[[ Dataset records open ]]
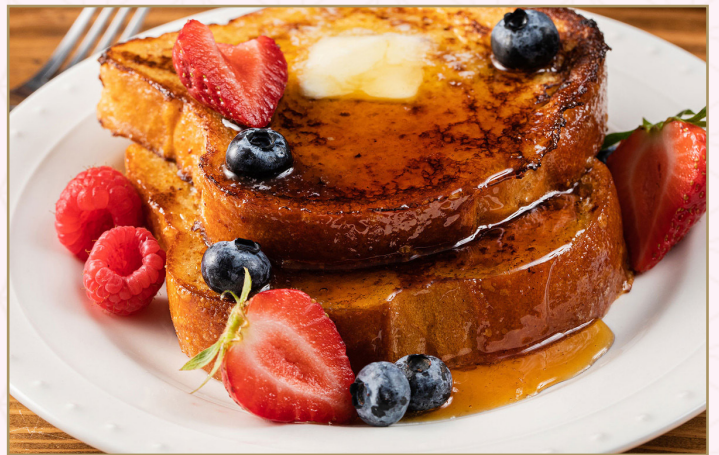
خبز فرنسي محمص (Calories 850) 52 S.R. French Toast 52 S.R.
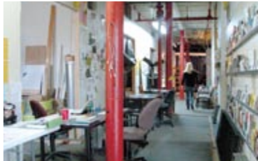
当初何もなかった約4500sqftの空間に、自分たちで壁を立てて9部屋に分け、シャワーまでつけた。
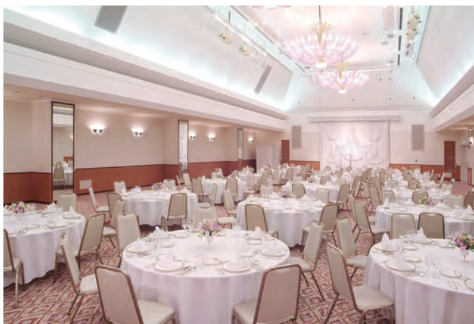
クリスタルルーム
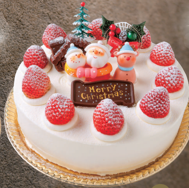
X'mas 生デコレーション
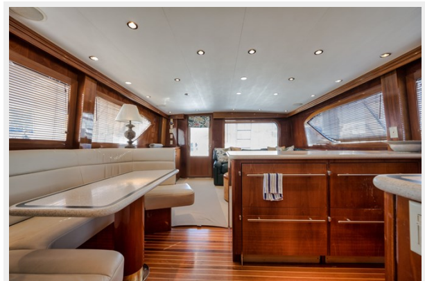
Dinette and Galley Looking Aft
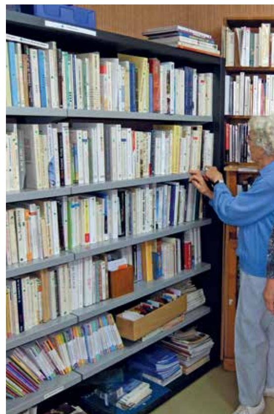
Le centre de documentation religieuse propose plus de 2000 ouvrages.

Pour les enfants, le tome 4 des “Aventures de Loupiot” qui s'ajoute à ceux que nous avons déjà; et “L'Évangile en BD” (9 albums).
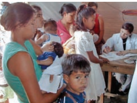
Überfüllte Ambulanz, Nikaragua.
[[ Dataset records closed ]]
*Exercise objective:*
Print every entry above again, exactly as written. Leave the images out.

*Result of the task:*
خبز فرنسي محمص (Calories 850) 52 S.R. French Toast 52 S.R.
当初何もなかった約4500sqftの空間に、自分たちで壁を立てて9部屋に分け、シャワーまでつけた。
クリスタルルーム
X'mas 生デコレーション
Dinette and Galley Looking Aft
Le centre de documentation religieuse propose plus de 2000 ouvrages.

Pour les enfants, le tome 4 des “Aventures de Loupiot” qui s'ajoute à ceux que nous avons déjà; et “L'Évangile en BD” (9 albums).
Überfüllte Ambulanz, Nikaragua.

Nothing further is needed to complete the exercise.